Seats and Ergonomics--The seats are a big improvement. Still no adjustable thigh support, but firm, supportive and grippy. A tilt and telescoping wheel makes finding the right driving position easy. And all the controls are within reach and logically arranged. The stereo might be a tad busy. A bank of toggles still adorns the lower center stack, with semi-circular guards to protect accidental activation. 

Engine--Wow. Did I say wow? How about another wow. WOW. Reminds of the 335i engine in a few ways: A revving and free-spinning nature. A lack of the typical import turbo sounds. No whooshes, no squeaks, no peeeps. Adequate low-end torque. And just a lot of power. I would not be surprised to learn that this engine is very underrated. It feels just a hair's breadth away from a Works-equipped engine from the 1st gen. How about one last WOW.
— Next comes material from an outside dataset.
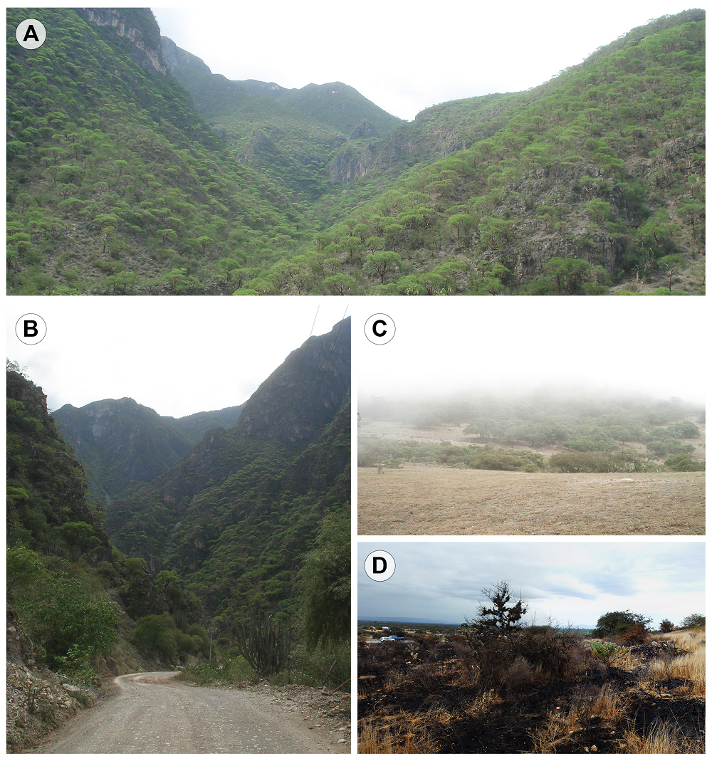 Figure 3 Vegetation types. A, B. Tropical deciduous forest in Xichú, Gto. C. Secondary grassland with Quercus forest in the background in Santa Catarina, Gto. D. Xerophilous scrub disturbed to induce grasslands in San José Iturbide, Gto.

Transmission--Just delicious. Very similar feel to the 1st gen, which is pretty high praise. Short throws, well-weighted action, no half measures. Clutch is smooth and light, with some feedback short engagement. Working your left leg and right hand couldn't be more fun without taking off your clothes.

And now for the bad.

And it is pretty bad.

If you were charitable, you'd call the steering weird. If you were somewhat less than charitable, you might call the steering dangerous.

High-quality torque steer is available in generous quantities, on demand. Under acceleration, on flat surfaces, in a straight line, the steering wheel will wiggle, jiggle and sniggle. As you accelerate the steering gets heavier and less responsive, but in a very non-linear and unnatural way. Should you go over a road irregularity on this acceleration run the car will grab it, take you with it, and go with it. And believe me, you want no part of it.

And that's in a straight line.

This same behaviour is amplified when trying to get the car to change directions. It is very confidence-sapping. It makes you not want to drive the car enthusiastically, for fear of what it will do to you. Don't push this MINI too hard, it will bite back at you.

Thank God for traction control, which intervenes none too soon in this application, bringing you back within the same zip code as your intended line. This car did not have an LSD or sport suspension, which I would hope might mitigate some of this tomfoolery. I'll see if I can get my hands on one to see for myself.

As it is, I'm sorry to say I'd have to give this MINI a big :thumbdwn: For all the things they did right, they screwed up one thing which ruins the fun factor of this car. And if you can't have fun in a MINI, shouldn't you be driving a Prius?

My advice: pick up an 06 while you can, because it will take them a couple of years (hopefully less) to iron this out. Shame.


----------



## AndyM (Apr 18, 2002)

The Torque Steer is very disappointing. This is something I have not come across in the reviews I have seen. Would the LSD help with this issue?


----------



## mtbscott (Jul 16, 2003)

I drove two MCS's last week, one with Sports Suspension plus, the other without. The base suspension has lots more body roll and a more vague steering feel. Sports suspension felt very much in character, much like my '06 MCS did. My biggest beef is that you have to pay extra for it on the S, I don't think any cars with LSD are here yet but I would get that too, it erases much of the torque steer drama.


----------



## Chris90 (Apr 7, 2003)

Did you try the Sport button?

Every European review worth reading criticizes the steering. BMW should just quit screwing around and just source all their steering from Toyota. :thumbdwn:

Oh well, guess we'll have another steering fix in 2008.


----------



## mtbscott (Jul 16, 2003)

Dawg90 said:


> Did you try the Sport button?
> 
> Every European review worth reading criticizes the steering.


Yes to Sport button. Unlike the Sport button on my E46 M3, the one on the MINI makes the car feel better, not just make the throttle response twitchy. Steering??? Felt okay to me after driving a 2006 for over 25K miles. The test drive route had a couple of tight circle ramps as well as some higher speed S turns and I was pleased with the feel in the Sports suspension car. Liking the car is purely subjective but I think MINI hit a homerun in updating the car.


----------



## Chris90 (Apr 7, 2003)

mtbscott said:


> Yes to Sport button. Unlike the Sport button on my E46 M3, the one on the MINI makes the car feel better, not just make the throttle response twitchy. Steering??? Felt okay to me after driving a 2006 for over 25K miles. The test drive route had a couple of tight circle ramps as well as some higher speed S turns and I was pleased with the feel in the Sports suspension car. Liking the car is purely subjective but I think MINI hit a homerun in updating the car.


Cool. I'm interested in a JCW model in 2008, if the stories are true that it'll be an M style separate model.


----------